Are rand(Float32) really uniform in [0,1]?

Hello, this is my first post.

I started tinkering with Julia and I wanted to understand more how random floating point numbers are generated. I will usually call rand(Float32) and be happy. I make the following statement:

If a floating point x is uniformely distributed in [0,1] then mantissa(x) (as a bitstring) is uniformely distributed in [0..2^m)

I’m pretty sure of the result because if it’s uniform in [0,1] it must be uniform in every interval [2^i, 2^(i+1)) and being uniform in such intervals means having a uniform mantissa.

I have produced a notebook (which I cannot upload for some reason) in which I test the distribution of the mantissa bits for different generation policy.

Why the designers of the language have chosen this particular generation style? Isn’t better to have (mostly) uniform mantissa bits? Btw, here’s the alternative generation scheme, copied from the standard library of C++ (there may be errors)

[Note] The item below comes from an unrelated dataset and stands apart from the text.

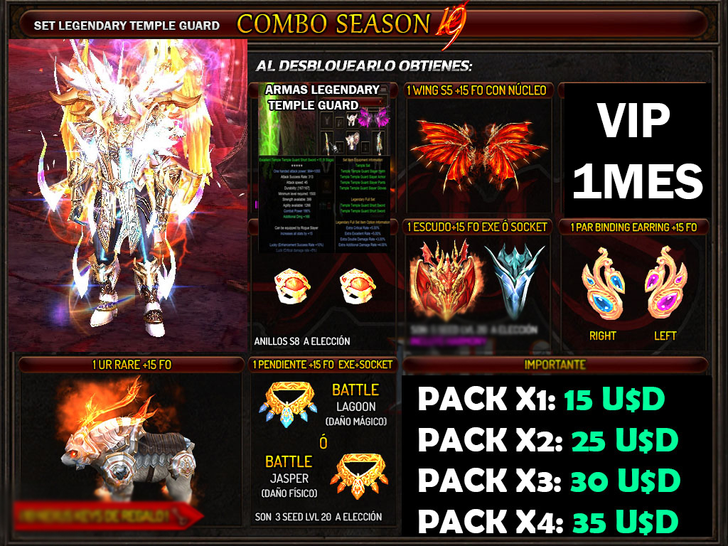 PRECIO DE LOS PACKS COMPLETOS (SET, ARMAS Y ALAS A ELECCION)

struct CppRNG <: Random.AbstractRNG
    rng::Random.AbstractRNG
    CppRNG(rng::Random.AbstractRNG) = new(rng)
end


function Random.rand(
    rng::CppRNG,
    ::Type{T}
) where { T <: Union{Float16, Float32, Float64} }
    U = Base.uinttype(T)

    x_int = rand(rng.rng, U)
    max_int = 2^(8*sizeof(U) + 1)

    converted = T(x_int)
    normalized = converted / T(max_int)

    @assert 0.0 <= normalized < 1.0
    @assert typeof(normalized) == T

    return normalized
end

I’m interested in the motivation for the choice. I understand that a possible change would break all the current programs so it’s out of scope

1 Like

Not quite. If x is uniformly distributed over all positive normalized floating point numbers (not over the real interval [0,1]), then the mantissa bits would be uniformly distributed.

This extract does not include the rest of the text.